The fix updates the failure handling so that dm_bufio_client_destroy() is only called on pointers that were successfully created. See the upstream commits referenced below for the patch logic.
Root Cause
The root cause is improper error pointer handling in verity_fec_ctr(). The function failed to differentiate between a successfully created bufio client and an ERR_PTR() sentinel before passing the value to a destroy routine. This is a classic Linux kernel IS_ERR() check omission leading to an invalid pointer dereference during cleanup.
Attack Vector
Triggering the bug requires conditions that cause dm_bufio_client_create() to fail during dm-verity FEC target setup. A local user with privileges to create device-mapper targets, or an automated provisioning component that constructs dm-verity FEC devices under memory pressure, can reach the vulnerable path. The result is a kernel crash, not memory corruption suitable for code execution. The bug is reachable only on kernels built with dm-verity FEC support and only along the constructor failure path. See the Kernel Git Commit b154a868 and related stable tree commits for the precise call sequence.

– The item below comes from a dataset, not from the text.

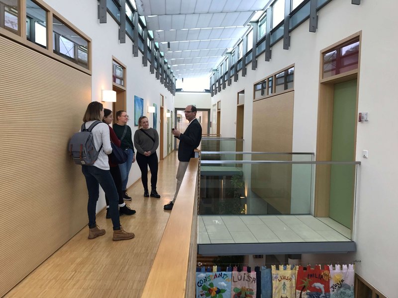 Ziel der Exkursion war, sowohl die Abläufe und die Organisation als auch die Finanzierung der Hospizarbeit kennenzulernen. Neben dem Vortrag zur Finanzierung der Hospizarbeit, vorgetragen von Alfons Regler, Geschäftsführer des Kinderhospiz St. Nikolaus, ermöglichte der Tag der offenen Tür den Studierenden darüber hinaus, die Räumlichkeiten des Kinderhospizes zu besichtigen. Der Zugang zu den Elternzimmern, zu den Räumlichkeiten für Physio-, Wasser-, Montessori-, Musik- und Maltherapie, zum Wohnzimmer und Esszimmer mit offener Küche, in der das Personal frisch für alle kocht, unterstrichen die gemütliche Atmosphäre im Kinderhospiz St. Nikolaus. Die Kapelle, das Abschiedszimmer und der sogenannte Fahnengarten lassen aber nicht vergessen, dass auch Trauer und Schmerz hier unabwendbar eine große Rolle spielen.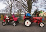 Pracht. Doch als es nun soweit war fand er leere Räume vor. Kein Kinderlachen klang ihm entgegen, keine Weihnachtslieder begrüßten ihn. Corona bedingt waren die Kinder bereits frühzeitig zu Hause geblieben. Sollte der Weihnachtsmann jetzt wieder unverrichteter Dinge gehen, die Geschenke einfach im Kindergarten liegen lassen. Nein, damit fand sich der Weihnachtsmann nicht ab. Statt den Rentierschlitten stieg er witterungsbedingt auf eine Kutsche um, die aus Mangel an Pferden von dem Traktor der Familie Bust gezogen wurde.

Detection Methods for CVE-2026-43132
Indicators of Compromise
- Kernel oops or panic messages referencing dm_bufio_client_destroy in the call trace
- BUG: unable to handle page fault entries originating from verity_fec_ctr during target activation
- Repeated device-mapper: verity-fec setup failures in dmesg followed by host instability
Detection Strategies
- Inspect kernel logs (journalctl -k, /var/log/kern.log) for crashes whose stack frames include verity_fec_ctr and dm_bufio_client_destroy
- Compare running kernel versions against vendor advisories that reference the upstream stable commits listed in the external references
- Monitor systems that programmatically build dm-verity FEC targets (Android-style verified boot, secure container runtimes) for elevated setup-failure rates
Monitoring Recommendations
- Forward kernel ring-buffer events to a centralized logging or SIEM platform and alert on dm-verity related oops signatures
- Track host availability and unexpected reboots on systems that use dm-verity with FEC, correlating with device-mapper setup activity
- Maintain an inventory of kernel versions across the fleet and flag hosts running unpatched branches identified in the kernel.org stable references
How to Mitigate CVE-2026-43132
Immediate Actions Required
- Update affected hosts to a Linux kernel version that includes one of the upstream fixes referenced in the CVE record
- Restrict the ability to create or reconfigure device-mapper targets to trusted administrators and provisioning services
- Audit automation that constructs dm-verity FEC devices and add resilience around setup failures so a kernel crash cannot silently take a host down
Patch Information
The vulnerability is fixed upstream and backported across stable trees. Apply the patches available at the following kernel.org references: Kernel Git Commit 031f2adc, Kernel Git Commit 119f4f04, Kernel Git Commit 451cc650, Kernel Git Commit 5c2217dd, Kernel Git Commit 6283e49a, Kernel Git Commit 9b8dc1d3, Kernel Git Commit b154a868, and Kernel Git Commit d3e1f1ad. Distributions should rebase to the corresponding stable point release.
Workarounds
- Disable the dm-verity FEC feature on workloads that do not require parity-based recovery, eliminating the vulnerable code path
- Limit unprivileged access to CAP_SYS_ADMIN and the device-mapper control interface so only trusted code can invoke verity_fec_ctr()
- Deploy memory pressure controls on hosts that build dm-verity targets at runtime to reduce the likelihood of dm_bufio_client_create() allocation failures
Disclaimer: This content was generated using AI. While we strive for accuracy, please verify critical information with official sources.